Thanks for all the info, I have not tried it myself, but I think I know now what goes “wrong” (even if it actually is doing the correct thing.) Now that I have the source of the
rapidfire line at the end of your script it is easier to answer.
Look at the function definition and its docstring:
def rapidfire(launchpad, fworker, qadapter, launch_dir='.', nlaunches=0, njobs_queue=0,
njobs_block=500, sleep_time=None, reserve=False, strm_lvl='INFO', timeout=None,
Submit many jobs to the queue.
launch_dir (str): directory where we want to write the blocks
nlaunches (int): total number of launches desired; "infinite" for loop, 0 for one round
njobs_queue (int): stops submitting jobs when njobs_queue jobs are in the queue, 0 for no limit.
If 0 skips the check on the number of jobs in the queue.

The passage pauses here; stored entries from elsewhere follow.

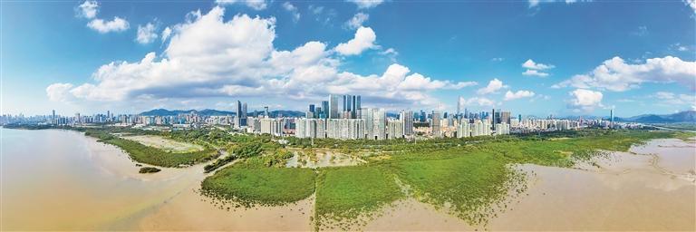 金秋時節(jié),大鵬東涌紅樹林濕地公園里海風輕拂,山海之間,不時有騎行愛好者穿梭于綠道之上;沿著海岸線一路向東,抵達深圳灣紅樹林海濱生態(tài)公園,極目遠望,摩天高樓鋪滿眼簾,科技與繁忙的氣息充斥著每個角落。
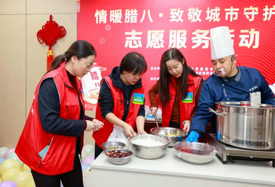 1月26日,内蒙古环投集团六个党支部联合呼和浩特市新城区五个直属部门党支部、迎新路街道和锦社区开展“情暖腊八・致敬城市守护者”主题党日活动。
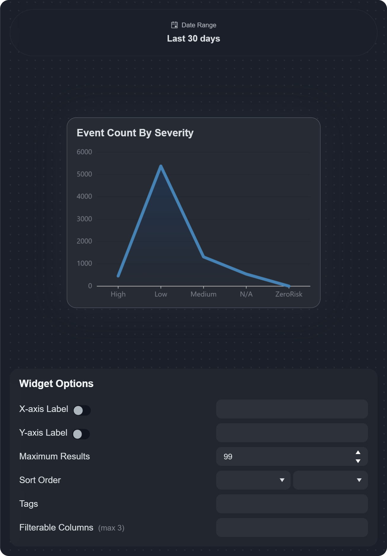 Widgets are visual representations of queries made from one of three system data sources, including Artifact, Event, and Incident. Once widgets are created, they can be added to and displayed in dashboards.
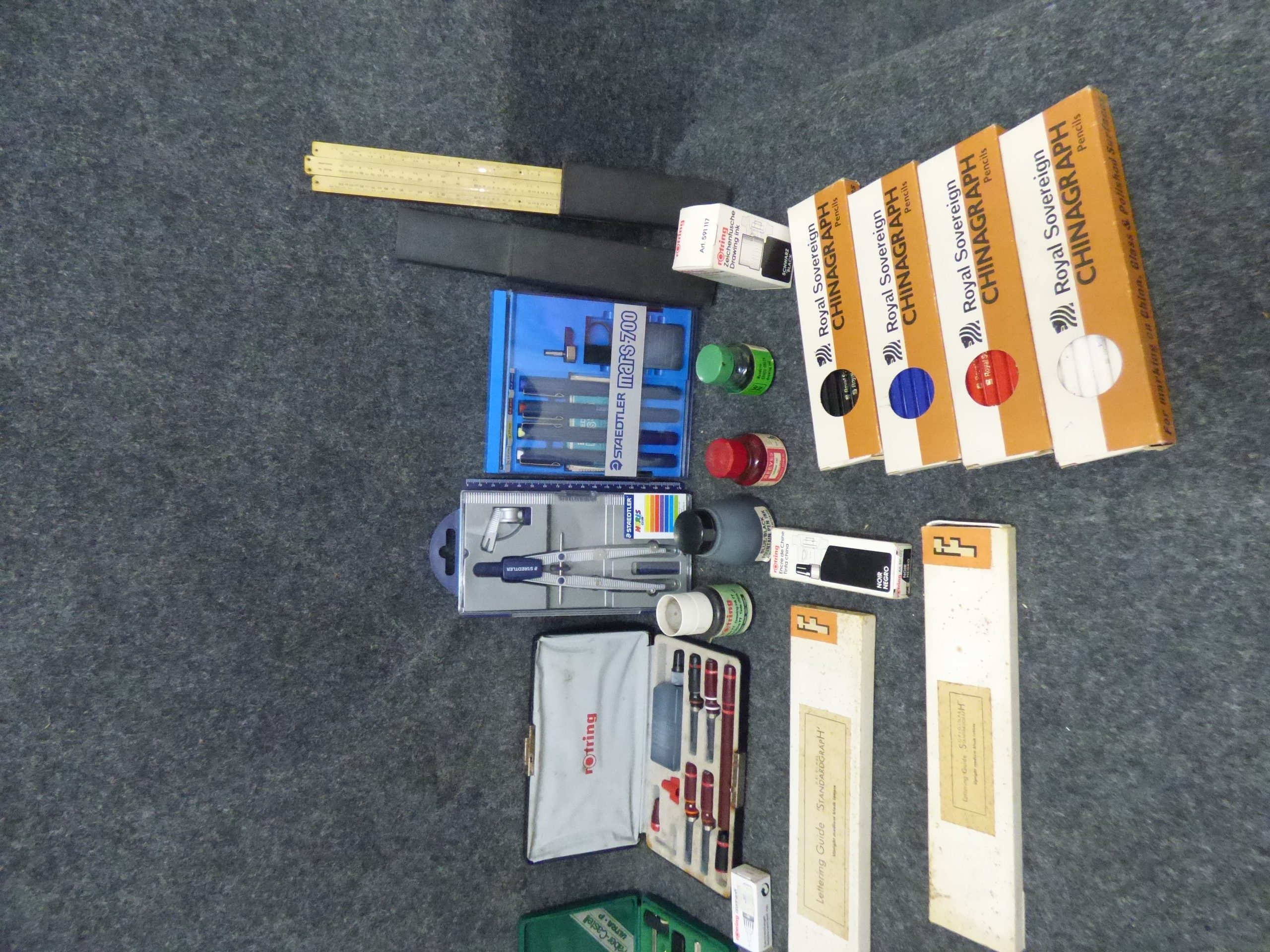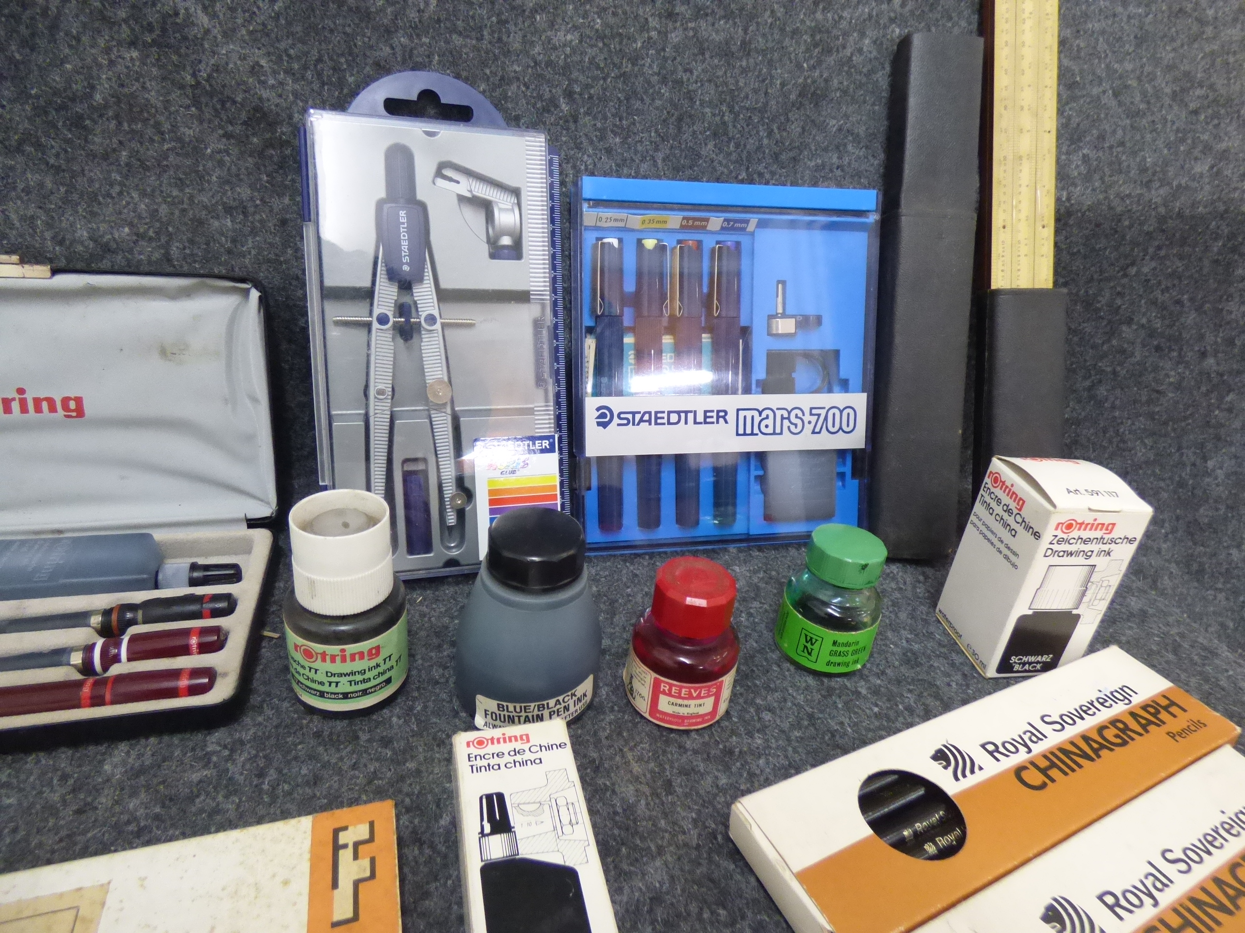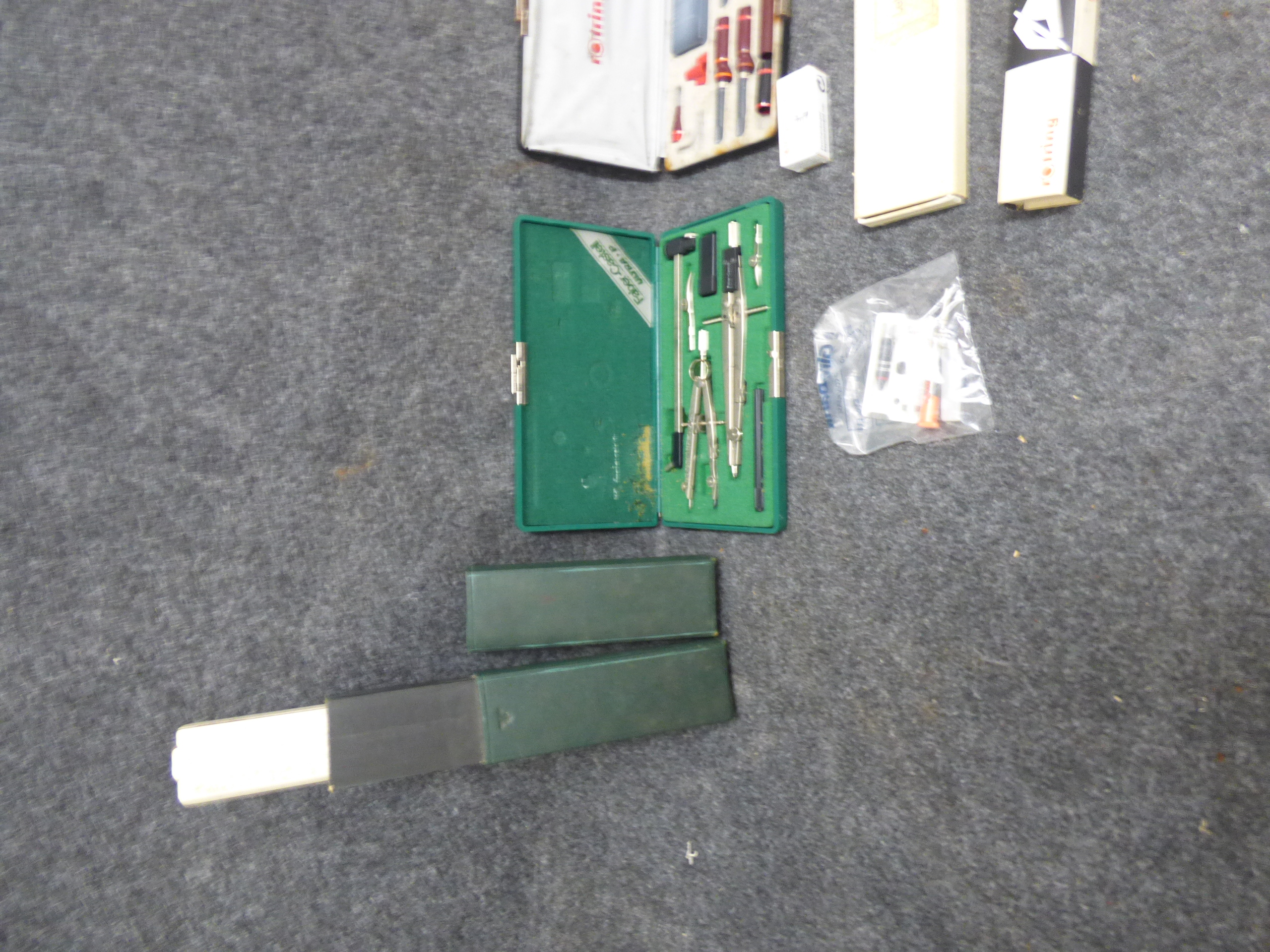 A collection of multicoloured drafting and technical drawing supplies including compass sets, technical pens, lettering guides, and drawing inks from brands such as Rotring, Staedtler, and Faber-Castell.

njobs_block (int): automatically write a new block when njobs_block jobs are in a single block
sleep_time (int): secs to sleep between rapidfire loop iterations
reserve (bool): Whether to queue in reservation mode
strm_lvl (str): level at which to stream log messages
timeout (int): # of seconds after which to stop the rapidfire process
fill_mode (bool): whether to submit jobs even when there is nothing to run (only in
The default for
njobs_queue is 0, which means that unlimited jobs will be submitted, even if
nlaunches = 0, which should limit the submission to ‘one round’ whatever that means. (I suspect it means that e.g.
nlaunches = 4 and
njobs_queue = 2, it will launch jobs until it has 2 in the queue, then wait for for
sleep_time, and do the same thing 3 more times.) If you only want one job to run (which will execute all of your fireworks), just replace your last line with:
rapidfire(launchpad, FWorker(), CommonAdapter("SLURM", "fireworks_queue", rocket_launch="rlaunch rapidfire"), reserve=False, njobs_queue=1)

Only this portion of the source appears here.